Movies

Cinema Italiano Hits Berlinale With Films From Veterans and Rookies

Italy’s robust 2022 Berlinale representation of a half-dozen titles runs the gamut from the latest works by venerable veterans Paolo Taviani and Dario Argento to pics by fresh new Cinema Italiano voices including Chiara Bellosi, whose first film, “Ordinary Justice,” launched from Berlin in 2020.

Taviani, who is 91, is returning to Berlin but alone this time — his filmmaker brother, Vittorio, with whom he won a Golden Bear in 2012 for “Caesar Must Die,” passed away in 2018 — in competition with surreal drama “Leonora Addio,” inspired by a short story by Italian playwright and author Luigi Pirandello.

Argento, who set his 1977 chiller “Suspiria” in Germany, will be at the Berlinale for the first time as a director with Rome-set suspenser “Dark Glasses,” though he was on the fest’s main jury panel in 2001. Film unspools as a Berlinale Special Gala.

Bellosi is back with Panaorama selection “Swing Ride” (“Calcinculo”), about a 15-year-old named Benedetta pining for attention in a tawdry southern Italian province where she falls in love with a young transvestite. Newcomer Francesco Costabile is debuting with Panorama anti-Mafia drama “Una Femmina — The Code of Silence,” which follows a young woman who rebels against the Calabrian mob family that she was born into.

The Italian titles launching from Berlin provide a sharp snapshot of genres and themes percolating in the country’s film production pipeline that is managing somehow to stay vibrant despite disastrous box office returns.

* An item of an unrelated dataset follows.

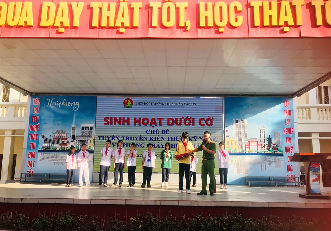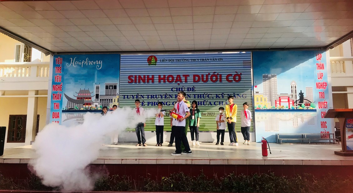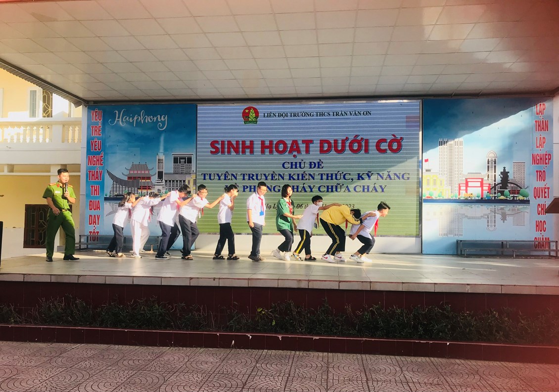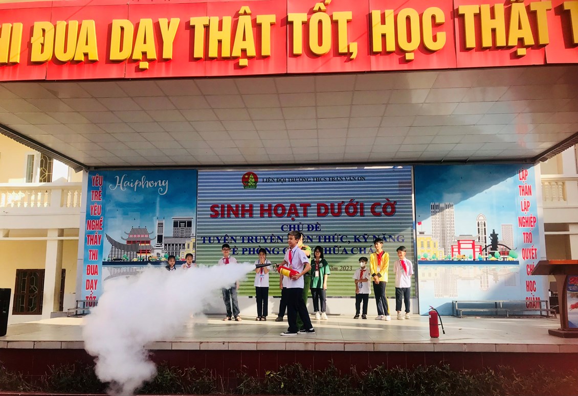 Nhằm tăng cường công tác tuyên truyền, phổ biến kiến thức, kỹ năng về phòng cháy, chữa cháy, cứu nạn, cứu hộ. Ngày 06/11/2023, trường THCS Trần Văn Ơn phối hợp với Đội cảnh sát PCCC, cứu hộ cứu nạn quận Hồng Bàng tổ chức tuyên truyền về công tác phòng cháy, chữa cháy, cứu nạn, cứu hộ cho CBGVNV và học sinh nhà trường.

“Leonora Addio,” by Paolo Taviani
Taviani takes his cue from Pirandello to weave a complex narrative interweaving three surreal Pirandello funerals with the story of the murder of a young Sicilian immigrant boy in Brooklyn, inspired by the author’s novella “Il Chiodo,” published shortly before Pirandello’s death.
The film’s cast comprises Fabrizio Ferracane, who won Italy’s David di Donatello award for his role in Marco Bellocchio’s “The Traitor” and prominent stage and screen actor Massimo Popolizio. Oscar-winning composer Nicola Piovani (“Life Is Beautiful”). In competition.

“Dark Glasses,” by Dario Argento
The horror maestro is back with this chiller about a serial killer who strangles prostitutes with cello strings and is pursuing a luxury escort who goes blind after a car crash but gets help from an orphaned Chinese boy. Ilenia Pastorelli (“They Call Me Jeeg”) and Dario’s daughter Asia Argento star. Berlinale Special Gala.

“Swing Time” (“Calcinculo”), by Chiara Bellosi
When a fairground sets up outside her window in a Southern Italian town 15-year-old Benedetta meets Armando, aka Amanda, a young transvestite who runs the carousel and sells drugs. Described by the director as depicting an unusual friendship and the experience of empowerment, this coming-of-age film follows Bellosi’s “Ordinary Justice,” which examined the lives of two families on opposite sides of a murder case. Both pics are produced by Carlo Cresto Dina’s Tempesta, which launched the career of Alice Rohrwacher (“The Wonders,” “Happy as Lazzaro”) and is known for nurturing the cream of Italy’s new cinematic crop. In Panorama.

“Una Femmina — The Code of Silence,” by Francesco Costabile
For his first feature, Calabrian helmer Costabile delved deep into his homeland to depict the Ndrangheta, the local mob, but from the perspective of the women who’ve had the courage to break away from the grip of its blood ties and codes. Pic is about a young woman named Rosa who lives with her mother’s relatives in a remote village. Her mother’s mysterious death when she was a child casts a gloomy shadow on her life; but the truth surfaces, and Rosa realizes she is trapped in a same predestined fate, and decides to betray her family and seek revenge. Lina Siciliano makes her acting debut as Rosa. In Panorama.

“Into My Name,” by Nicola Bassetti
Elliot Page has boarded this transgender-themed doc by Italian director and producer Nicolò Bassetti, which stems from Bassetti’s personal experience with the gender transition of his child, Matteo, and provides an intimate look at the universal challenges of gender transition by observing a tight-knit group of friends in the central Italian city of Bologna. In Panorama Documentary.